Doing walls of text dialogue right
Shakespeare did it, he did it quite a lot of times, but there are a few problems with it:
- He was a screenwriter in an age, where we couldn't afford building enough sets (or cities that don't catch on fire), so dumping info in dialogue was
easiernot financially impossible. - He's sorta "outdated" (the writing, not his corpse).
- I have to share the scarce resources of this planet with people who thought that it'd be a good idea to place Romeo and Juliet into a modern era.
However, I'd like to give the story some depth with uninterrupted chit-chats, like Graham McNeil.
Example:
[Protagonist]: Ya' know, it's kinda hard to believe that you're doing this for the greater good when your special snowflake sword is literally made out of slaughtered toddlers. But why would you even need it? Order can be maintained with a regular drone army and a few operators.
[A.I sidekick]: Who are unwitting orphans...
[Protagonist]: At least I take a good care of them!
[A.I sidekick]: Sure, they are valuable tools.
[Protagonist]: That's not even...
[Antagonist]: You're calling me a mass murderer!? Have you forgotten, when you turned an entire race into unstoppable robots, who only knew and desired nothing else than destruction?
[Protagonist]: That wasn't intentional, you shittalking corpse!
[Antagonist]: Not to mention the other mass murderer you made, the Anathema. Your race had the opportunity to prove themselves as the defenders of order, and they instead caused the war that left its mark in the universe for the rest of eternity.
[Protagonist]: Most of those were Enlil's fault, and he was way too scary looking for everyone else to doubt him. As for Big E., he didn't take his sweet little time going on a treasure hunt, and instead, immediately started to bring back the "order" you adore so much. He ended up as a glorified skeleton, but that was Horus' fault. Admit it, you just want power, you want to take power, like stealing daddy's gun and pretending to be the strong kid while you don't even know how to reload. This is why you've failed.

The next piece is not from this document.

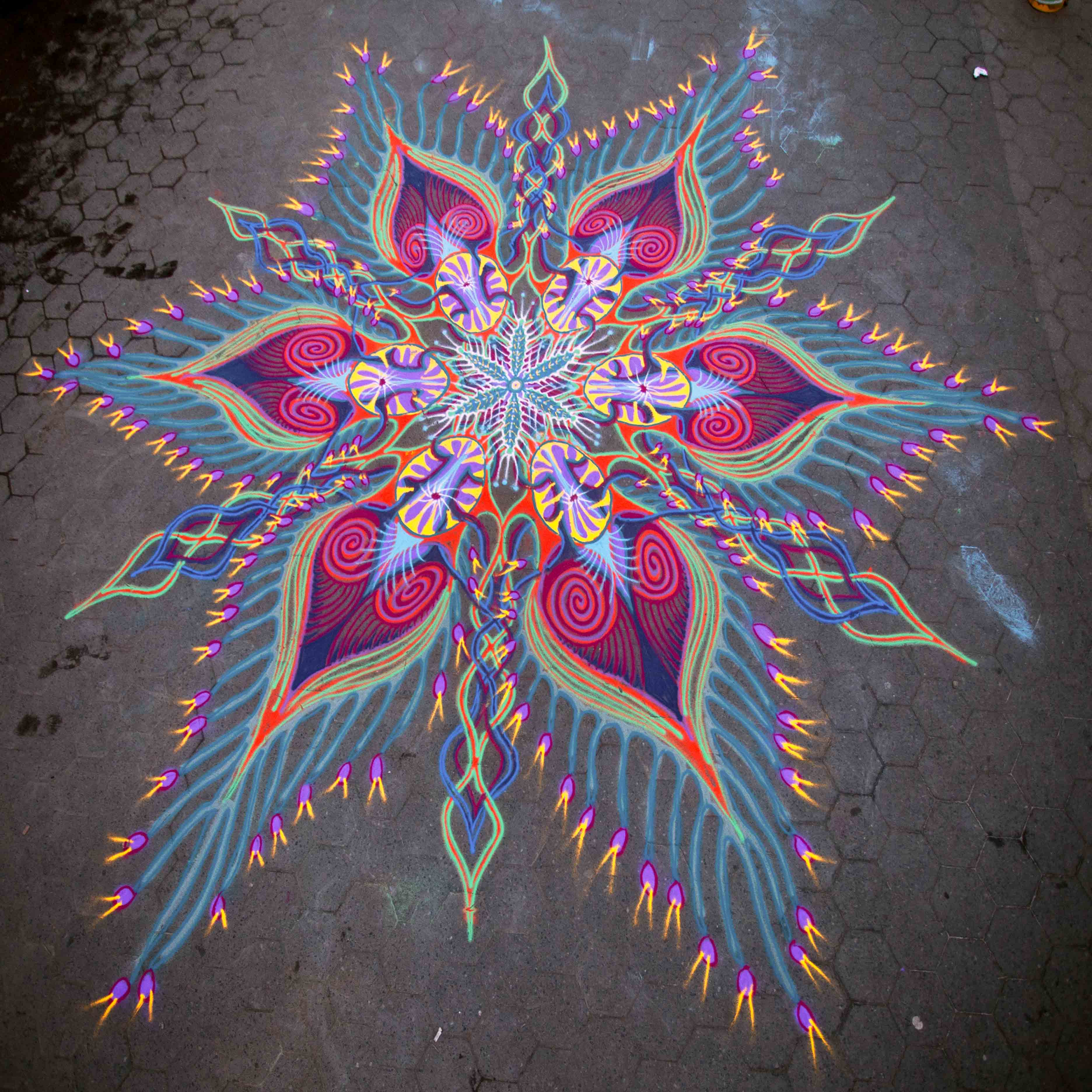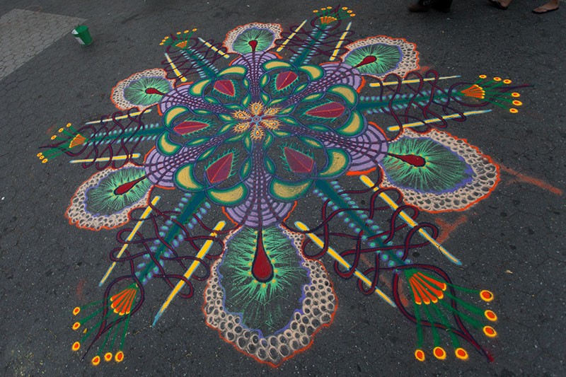 Bewaffnet mit Säcken aus farbigem Sand Joe Mangrum Er ist in den letzten Jahren durch die Straßen der Stadt gelaufen und hat damit erstaunliche Muster geschaffen. Jedes seiner Kunstwerke ist völlig spontan und entsteht in einem Moment der Inspiration. Es dauert zwischen sechs und acht Stunden, ansonsten schätzt der Künstler, dass er bisher rund 550 davon geschaffen hat.
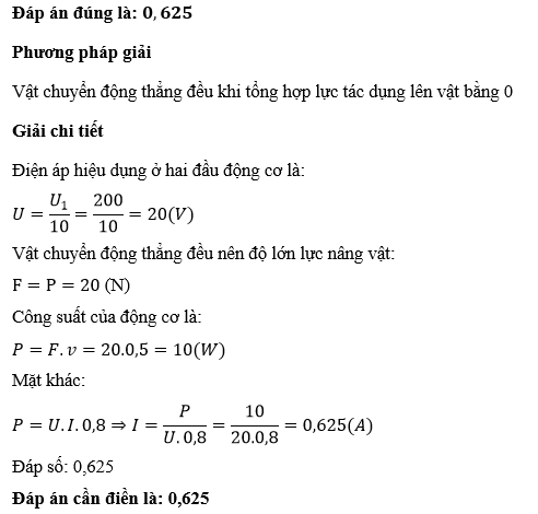 Đặt một điện áp xoay chiều có giá trị hiệu dụng 200V vào hai đầu cuộn sơ cấp của máy biến áp lý tưởng, rồi mắc 2 đầu của cuộn thứ cấp với một động cơ điện. Động cơ này nâng một vật có trọng lượng 20N với vận tốc không đổi là 0,5 m/s. Cho rằng không có sự mất mát năng lượng vì tỏa nhiệt ở các dây nối và động cơ. Biết máy biến áp này có tác dụng giảm áp 10 lần và công suất điện mà động cơ tiêu thụ được tính bằng công thức P= U.I.0,8 (với U và I là điện áp hiệu dụng và cường độ dòng điện hiệu dụng chạy qua động cơ). Khi đó, cường độ dòng điện chạy qua cuộn thứ cấp có giá trị hiệu dụng là ______ A.

[Antagonist]: Don' think it's over yet, let us see how much your words worth against steel!
[Protagonist]: I'd rather prefer my pen against that.
So, I can't really chop this dialog apart, as it's nothing else than a battle of wits. So, if there's any, what are the things I can do to make this more readable?
This post was sourced from https://writers.stackexchange.com/q/30426. It is licensed under CC BY-SA 3.0.
1 answer
+1 Thomo. To expand, IRL two people do not stand still and stare at each other and spout dialog while only moving their mouths. Even if they are on the phone! They are doing something, thinking something, wondering, realizing, pausing for some good reason to collect their thoughts or feel some emotion or try to understand a puzzle. The have senses, they hear their environment, they sense temperature and breezes and sun revealed by clouds moving on. They sense incongruities. They are not ready with a memorized answer, after a question imparts new information or a surprise.
Such statements require thinking, thinking requires recall of similar situations, they are reminded of scenes and imagery that relate. That translates into what they say next.
Why the second line "Who are unwitting orphans"? Who was the speaker thinking of? How does he know? Why was he disgusted by the thought? Can you give us some imagery of what he was thinking before he answers so glibly?
In the spirit of help, I would tell a student that a dialogue like the OP offers should be at least three times longer. It is not yet fully imagined, or the author left out too much of what they did imagine. The result is timing that is too rapid, making it feel phony and rehearsed.
Consider a movie and the actors in it. They have memorized the script, they both could just exchange lines as quickly as possible and finish the scene in one minute instead of ten. But they take ten! This dialogue feels like they did the one minute version of a ten minute scene.